What is needed is an exact transcription of the listing, with the images removed.

RECORDED DATA:

=== Begin Enclosure ===

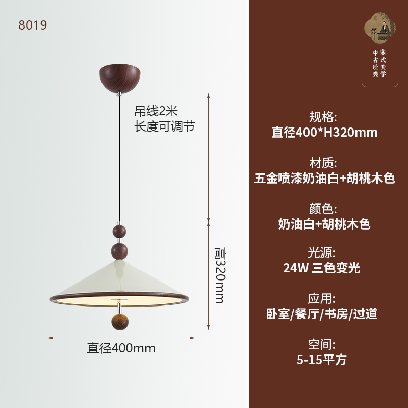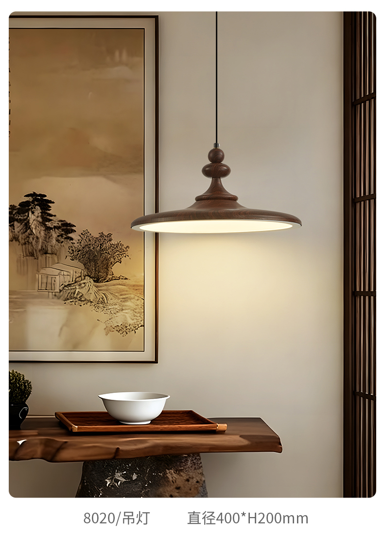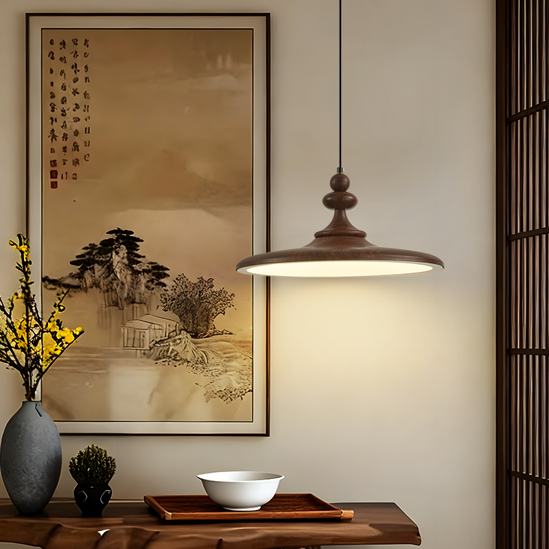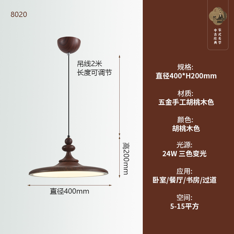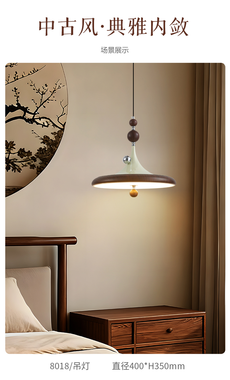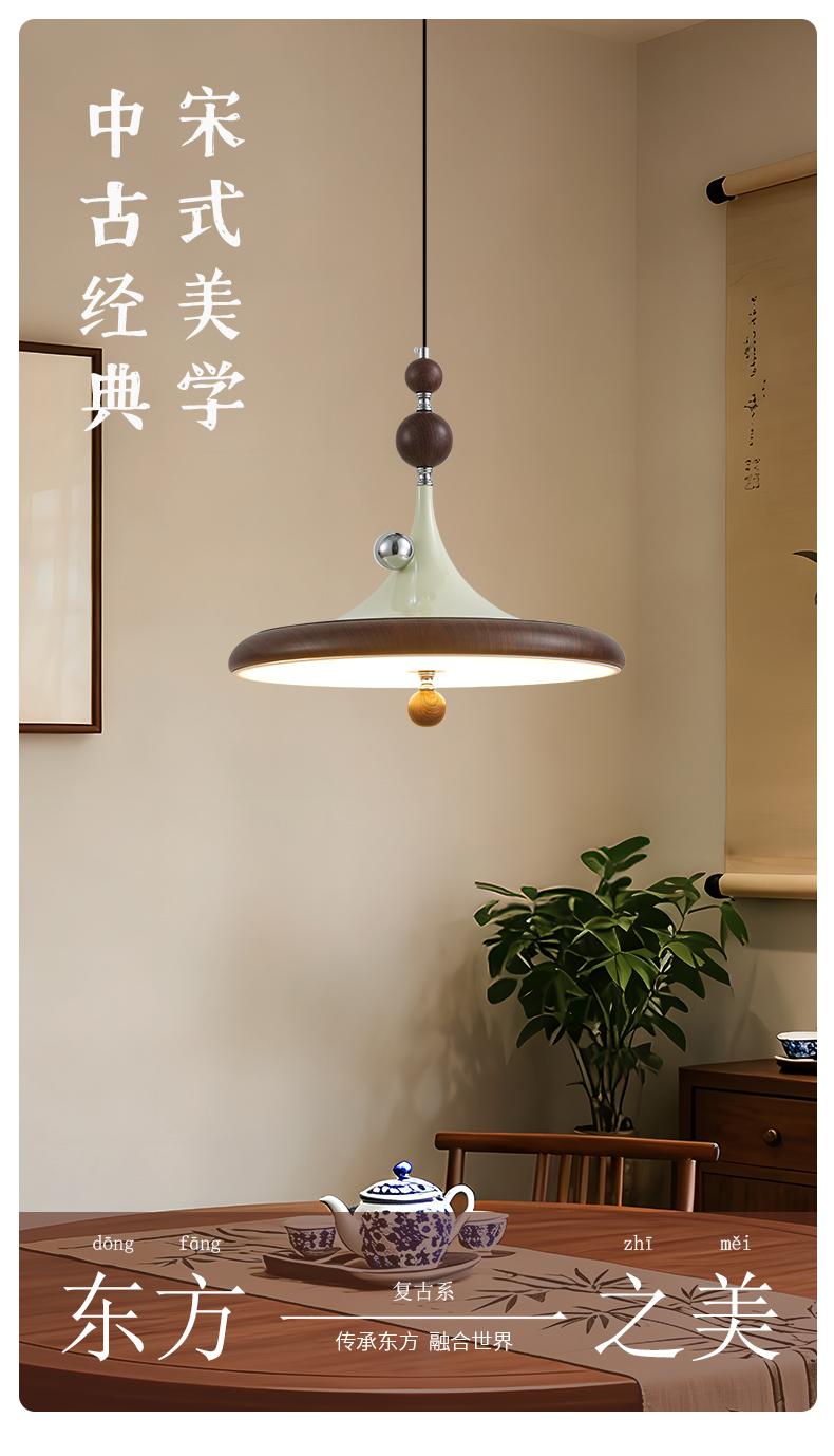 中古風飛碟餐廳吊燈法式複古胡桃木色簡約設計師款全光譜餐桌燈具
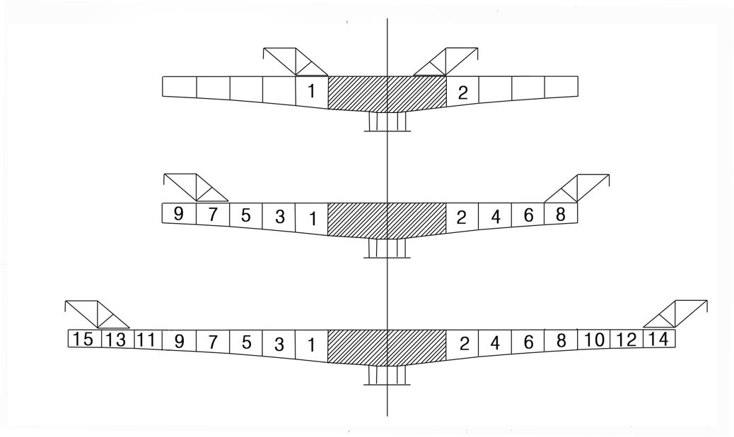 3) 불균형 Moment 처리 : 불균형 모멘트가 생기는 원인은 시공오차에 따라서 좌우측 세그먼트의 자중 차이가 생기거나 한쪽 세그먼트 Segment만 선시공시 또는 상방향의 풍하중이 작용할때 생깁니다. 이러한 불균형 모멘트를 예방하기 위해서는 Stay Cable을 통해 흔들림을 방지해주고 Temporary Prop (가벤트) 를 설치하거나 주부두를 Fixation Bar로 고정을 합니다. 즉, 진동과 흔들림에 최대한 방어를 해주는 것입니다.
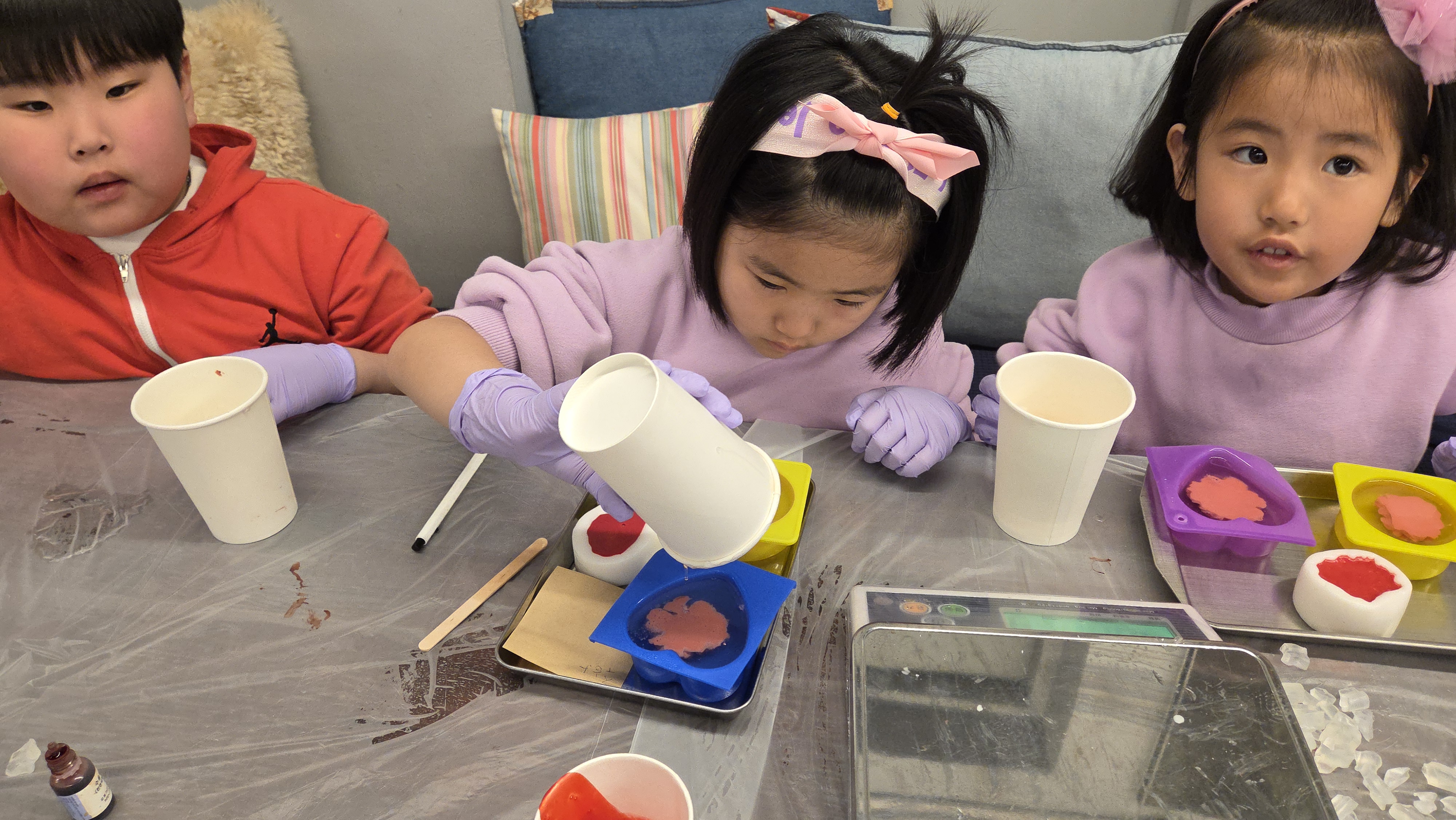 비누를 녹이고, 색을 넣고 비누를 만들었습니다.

=== End Enclosure ===

RESPONSE TO THE TASK:
 中古風飛碟餐廳吊燈法式複古胡桃木色簡約設計師款全光譜餐桌燈具
 3) 불균형 Moment 처리 : 불균형 모멘트가 생기는 원인은 시공오차에 따라서 좌우측 세그먼트의 자중 차이가 생기거나 한쪽 세그먼트 Segment만 선시공시 또는 상방향의 풍하중이 작용할때 생깁니다. 이러한 불균형 모멘트를 예방하기 위해서는 Stay Cable을 통해 흔들림을 방지해주고 Temporary Prop (가벤트) 를 설치하거나 주부두를 Fixation Bar로 고정을 합니다. 즉, 진동과 흔들림에 최대한 방어를 해주는 것입니다.
 비누를 녹이고, 색을 넣고 비누를 만들었습니다.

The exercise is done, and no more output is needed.